Exercise data:
----
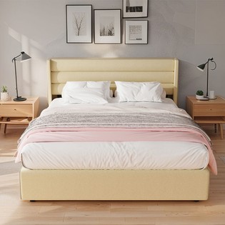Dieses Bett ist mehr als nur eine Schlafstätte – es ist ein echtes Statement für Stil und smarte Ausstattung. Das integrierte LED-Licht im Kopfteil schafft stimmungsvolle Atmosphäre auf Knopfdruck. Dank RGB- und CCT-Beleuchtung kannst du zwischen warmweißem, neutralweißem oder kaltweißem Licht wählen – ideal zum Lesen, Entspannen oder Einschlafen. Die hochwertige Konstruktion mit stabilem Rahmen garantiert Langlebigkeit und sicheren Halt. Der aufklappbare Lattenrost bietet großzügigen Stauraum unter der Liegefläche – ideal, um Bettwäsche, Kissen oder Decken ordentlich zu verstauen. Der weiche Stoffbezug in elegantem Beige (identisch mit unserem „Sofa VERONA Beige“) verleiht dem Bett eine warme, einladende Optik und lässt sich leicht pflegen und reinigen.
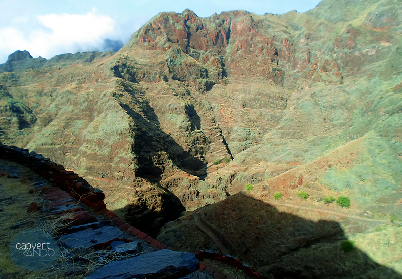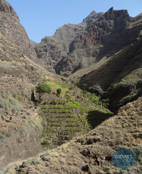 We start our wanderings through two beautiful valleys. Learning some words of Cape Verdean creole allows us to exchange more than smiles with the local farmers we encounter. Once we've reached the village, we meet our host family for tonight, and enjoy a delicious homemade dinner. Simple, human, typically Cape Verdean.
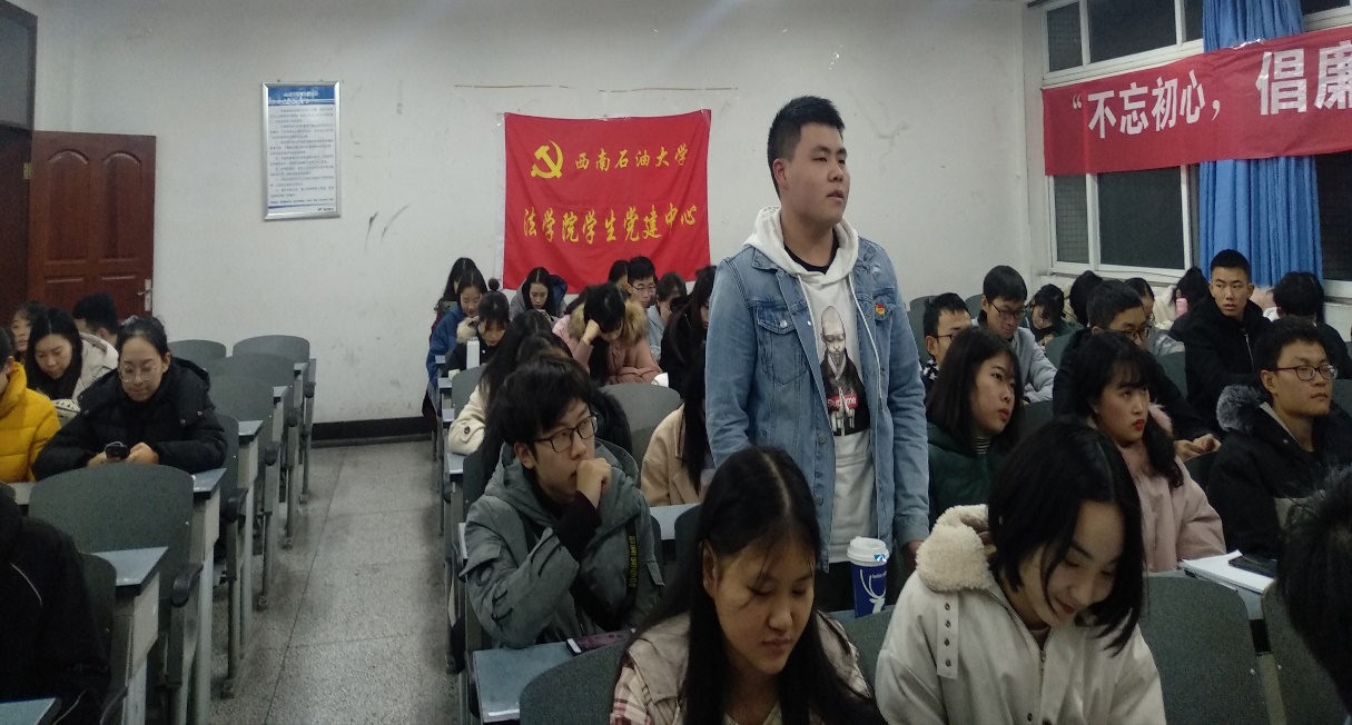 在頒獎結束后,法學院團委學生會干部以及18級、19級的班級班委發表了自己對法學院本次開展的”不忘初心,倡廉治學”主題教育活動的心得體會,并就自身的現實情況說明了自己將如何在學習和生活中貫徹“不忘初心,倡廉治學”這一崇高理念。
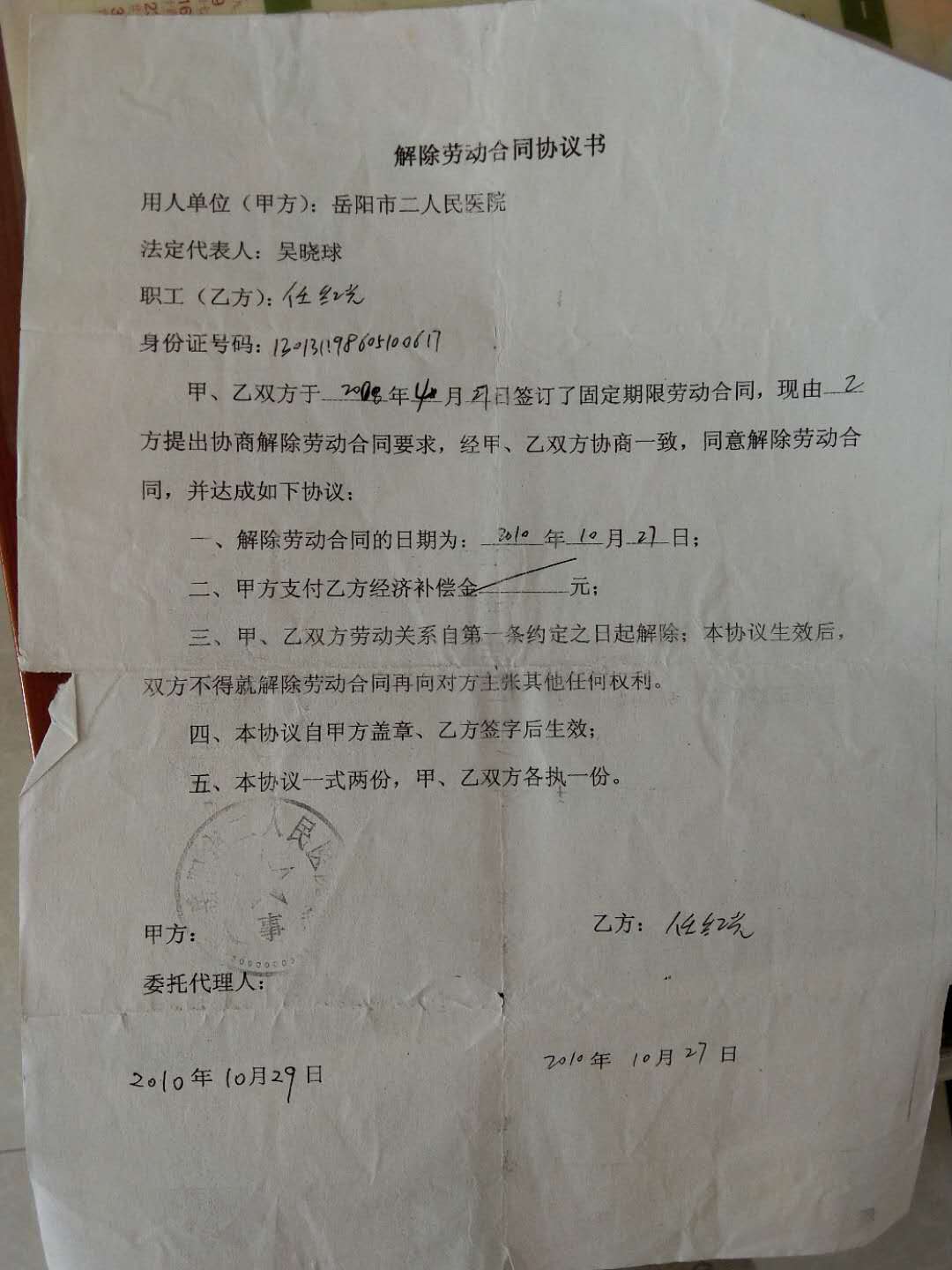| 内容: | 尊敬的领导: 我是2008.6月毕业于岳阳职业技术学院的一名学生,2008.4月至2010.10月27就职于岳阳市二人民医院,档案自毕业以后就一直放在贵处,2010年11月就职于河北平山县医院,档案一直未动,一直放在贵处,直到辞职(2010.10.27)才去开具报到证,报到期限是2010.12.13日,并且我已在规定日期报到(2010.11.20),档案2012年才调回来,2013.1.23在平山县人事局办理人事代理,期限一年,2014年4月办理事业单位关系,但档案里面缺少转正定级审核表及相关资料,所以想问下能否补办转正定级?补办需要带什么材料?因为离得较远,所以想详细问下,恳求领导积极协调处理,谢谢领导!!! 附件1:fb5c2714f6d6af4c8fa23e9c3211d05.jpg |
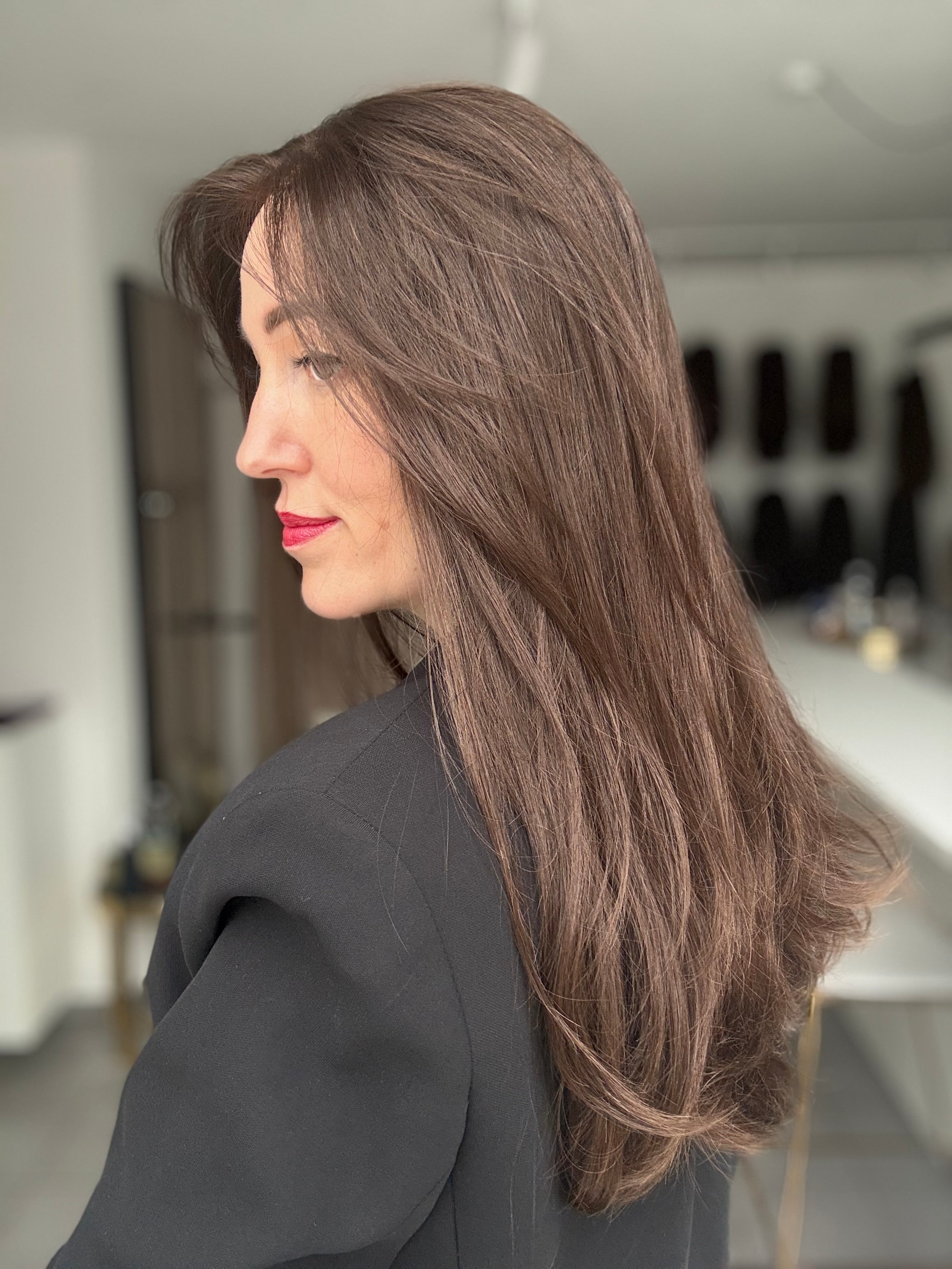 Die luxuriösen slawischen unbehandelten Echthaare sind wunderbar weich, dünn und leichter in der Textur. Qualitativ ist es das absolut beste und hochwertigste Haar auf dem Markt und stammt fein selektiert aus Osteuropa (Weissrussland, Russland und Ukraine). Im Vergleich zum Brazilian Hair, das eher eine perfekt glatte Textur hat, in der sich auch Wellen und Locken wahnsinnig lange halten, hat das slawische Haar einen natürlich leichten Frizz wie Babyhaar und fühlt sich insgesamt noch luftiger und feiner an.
----
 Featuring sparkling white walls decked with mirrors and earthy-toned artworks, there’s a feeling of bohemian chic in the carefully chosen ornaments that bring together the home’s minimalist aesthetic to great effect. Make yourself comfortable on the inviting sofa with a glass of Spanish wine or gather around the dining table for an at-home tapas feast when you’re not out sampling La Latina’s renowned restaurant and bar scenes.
----
Problem to work on: What do the entries above read from the line containing "We start our" through the line containing "在頒獎結束后,法學院團委學生"? Output those lines exactly, both ends included, with the pictures left out.

Task response:
 We start our wanderings through two beautiful valleys. Learning some words of Cape Verdean creole allows us to exchange more than smiles with the local farmers we encounter. Once we've reached the village, we meet our host family for tonight, and enjoy a delicious homemade dinner. Simple, human, typically Cape Verdean.
 在頒獎結束后,法學院團委學生會干部以及18級、19級的班級班委發表了自己對法學院本次開展的”不忘初心,倡廉治學”主題教育活動的心得體會,并就自身的現實情況說明了自己將如何在學習和生活中貫徹“不忘初心,倡廉治學”這一崇高理念。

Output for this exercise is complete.